– А потом?
– Потом начался учебный год в пединституте, и ей пришлось уехать. Из Вологды она не вернулась. Подвернулась стипендия в Штатах, и моя Алина, светлая голова, надежда российской науки, улетела в Пенсильванию. С тех пор прошло уже четыре года. И ни весточки, ни слова… Как мне вернуть ее?
– А почему вы намерены ее возвратить?
– Я сегодня понял, что я потерял. А потерял, потому что не был настойчив. Ведь человека воспитывают не только родители и школа, не только окружающая действительность…
Руки Стендаля дрожали, хотя человек он непьющий, только нервный.
– Что ж вы раньше-то думали? – спросил Минц. – Столько времени прошло. Я бы на вашем месте давно письмо ей написал…
– А она сама мне недавно прислала, – ответил Стендаль. – К Новому году поздравление. Странное такое: «Я счастлива, забыла о тебе, а ты?» Это что-нибудь означает?
– Ничего не означает, – сказал Минц, – кроме женского каприза. Она замужем?
– Я не знаю. А сегодня я брал интервью у Ходжи Эскалибура. Он деньги заплатил за интервью как за рекламу, мы отказать не могли, хотя я категорически возражаю против мистических жуликов.
– Я полностью разделяю, – согласился Минц.
– Пришел я к Ходже, а он сидит в окружении неофиток и гладит их щечки. Такое у него воспитательное действо.
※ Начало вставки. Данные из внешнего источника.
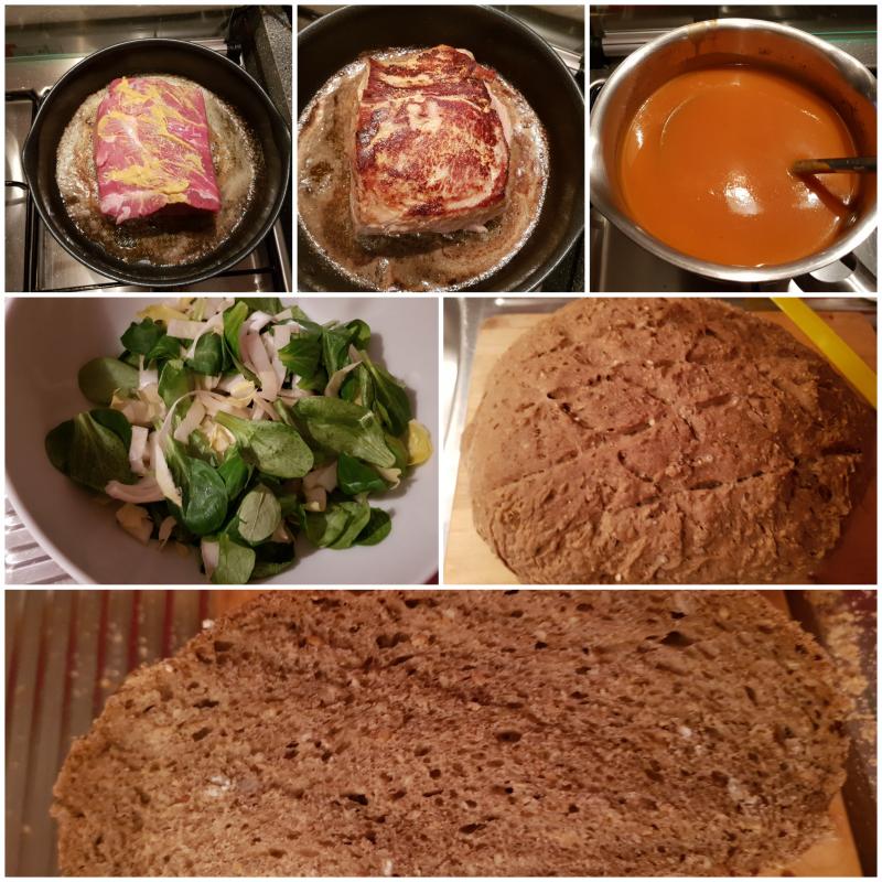Un roti de porc tartiné de moutarde Il faut pas que il fait froid pour faire un bon potage au tomates. Pour accompagner le repas une belle salade de saison salade de blé et chicons. Plus un beau pain Je vous souhaite une belle journée Lisette
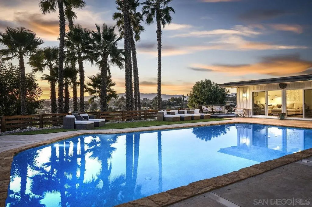 Welcome to your dream home in beautiful Fallbrook, CA! This stunning 4-bedroom, 4-bathroom, 3-car garage modern farmhouse with a circle driveway spans over 2,800 square feet and sits on more than an acre of private, fenced land. Enjoy breathtaking mountain views and incredible sunsets from your expansive deck that spans the entire back of the home. This single-story home is an entertainer's paradise, featuring a covered poolside patio, a spa-inspired backyard with a covered pergola, a pool bath, a shower, and changing rooms. The property offers plenty of space to lot split or add a junior ADU and ADU, making it perfect for extended family or rental income. The property boasts over half an acre of frontage, complete with an 8x12 shed on a concrete slab, two dog kennels on concrete slabs, two chicken coops, and a variety of fruit trees, including lemon, lime, and orange. An ancient olive tree and nearly two dozen palm trees add to the charm of this incredible property. Recent upgrades totaling over $250K include solar panels, pool solar heating, pool resurfacing, new pool plumbing and filter, whole-home custom gutters, new plumbing drains from the home to the road, new A/C, a new tankless hot water heater, garage floor epoxy, drip irrigation, landscape lighting, and much more. The property is newly fenced with white vinyl fencing and includes a double-gated RV parking area with hook-ups. Don't miss the opportunity to own this exceptional home that combines luxury, comfort, and endless possibilities. Schedule a viewing today and experience the best of Fallbrook living!
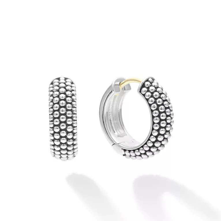 Sterling silver Caviar beading creates these Lagos huggie hoop earrings. Perfect for everyday wear!
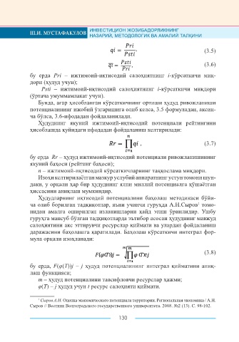 Page 130 - ИНВЕСТИЦИОН ЖОЗИБАДОРЛИКНИНГ НАЗАРИЙ, МЕТОДОЛОГИК ВА АМАЛИЙ ТАЛҚИНИ
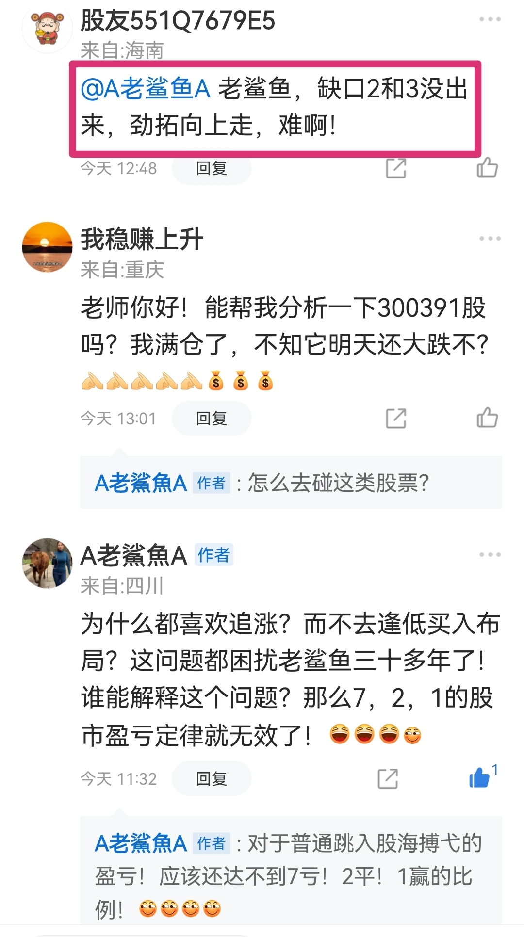 哪有啥子缺口2和3哦!仍然按计划逢低买入为主遭了活该!老鲨鱼坚持自己的打法!
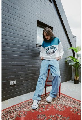Buzo crema claro cuello alto para mujer cuenta con detalle con corte verde en la parte superior, puños y ruedo en rib, cierre con cremallera, diseño college en frente, hombros rodados y una silueta holgada. Llena tu total look con una vibra universitaria combinando esta prenda con tus jeans favoritos. ¡Te verás fenomenal!
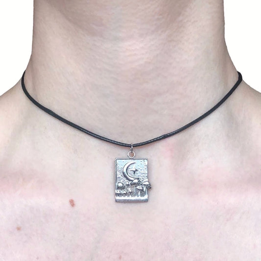 Whimsigoth Fairy Mushroom Moon Necklace
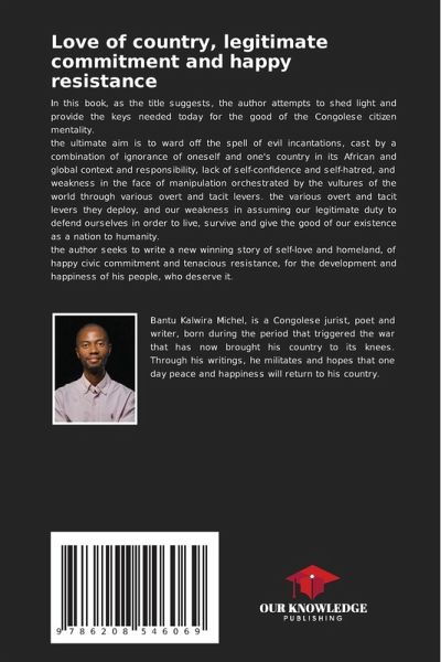 In this book, as the title suggests, the author attempts to shed light and provide the keys needed today for the good of the Congolese citizen mentality.the ultimate aim is to ward off the spell of evil incantations, cast by a combination of ignorance of oneself and one's country in its African and global context and responsibility, lack of self-confidence and self-hatred, and weakness in the face of manipulation orchestrated by the vultures of the world through various overt and tacit levers. the various overt and tacit levers they deploy, and our weakness in assuming our legitimate duty to defend ourselves in order to live, survive and give the good of our existence as a nation to humanity.the author seeks to write a new winning story of self-love and homeland, of happy civic commitment and tenacious resistance, for the development and happiness of his people, who deserve it.
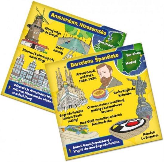 Hra je ve tvaru krychle a obsahuje 70 karet s obrázky měst a vždy 8 otázkami.
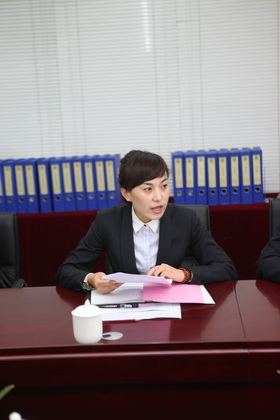 曲江一中副校长曹琦向马处长一行汇报学校消防安全工作情况
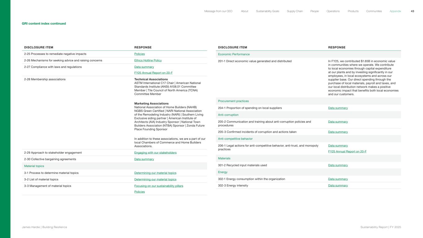 DISCLOSURE ITEM RESPONSE 2-25 Processes to remediate negative impacts Policies 2-26 Mechanisms for seeking advice and raising concerns Ethics Hotline Policy 2-27 Compliance with laws and regulations Data summary FY25 Annual Report on 20-F 2-28 Membership associations Technical Associations ASTM International C17 Chair | American National Standards Institute (ANSI) A108.01 Committee Member | Tile Council of North America (TCNA) Committee Member Marketing Associations National Association of Home Builders (NAHB) NGBS Green Certified | NARI National Association of the Remodeling Industry (NARI) | Southern Living Exclusive siding partner | American Institute of Architects (AIA) Industry Sponsor | National Town Builders Association (NTBA) Sponsor | Zonda Future Place Founding Sponsor In addition to these associations, we are a part of our local Chambers of Commerce and Home Builders Associations. 2-29 Approach to stakeholder engagement Engaging with our stakeholders 2-30 Collective bargaining agreements Data summary Material topics 3-1 Process to determine material topics Determining our material topics 3-2 List of material topics Determining our material topics 3-3 Management of material topics Focusing on our sustainability pillars Policies DISCLOSURE ITEM RESPONSE Economic Performance 201-1 Direct economic value generated and distributed In FY25, we contributed $1.65B in economic value in communities where we operate. We contribute to local economies through capital expenditure at our plants and by investing significantly in our employees, in local ecosystems and across our supplier base. Our direct spending through the purchase of local materials, payroll and taxes, and our local distribution network makes a positive economic impact that benefits both local economies and our customers. Procurement practices 204-1 Proportion of spending on local suppliers Data summary Anti-corruption 205-2 Communication and training about anti-corruption policies and procedures Data summary 205-3 Confirmed incidents of corruption and actions taken Data summary Anti-competitive behavior 206-1 Legal actions for anti-competitive behavior, anti-trust, and monopoly practices Data summary FY25 Annual Report on 20-F Materials 301-2 Recycled input materials used Data summary Energy 302-1 Energy consumption within the organization Data summary 302-3 Energy intensity Data summary GRI content index continued 43 James Hardie | Building Resilience Sustainability Repor t | FY 2025 About Sustainability Goals Supply Chain OperationsMessage from our CEO People Products Communities Appendix

И когда наконец его вымажут в дегте, вываляют в перьях и изгонят из нашего города?
– Некому гнать, – сказал Минц.
Ходжа Эскалибур, вернее всего в прошлом Вася Пупкин из Тотьмы, возник в Великом Гусляре года полтора назад и стал уже одним из самых популярных персонажей в городе. Он объявил себя волшебником и прорицателем, основателем новой синтетической религии, обладателем приворотного и отворотного зелий, а также интрасенсом и экстрателепатом. В общем, что пожелаете!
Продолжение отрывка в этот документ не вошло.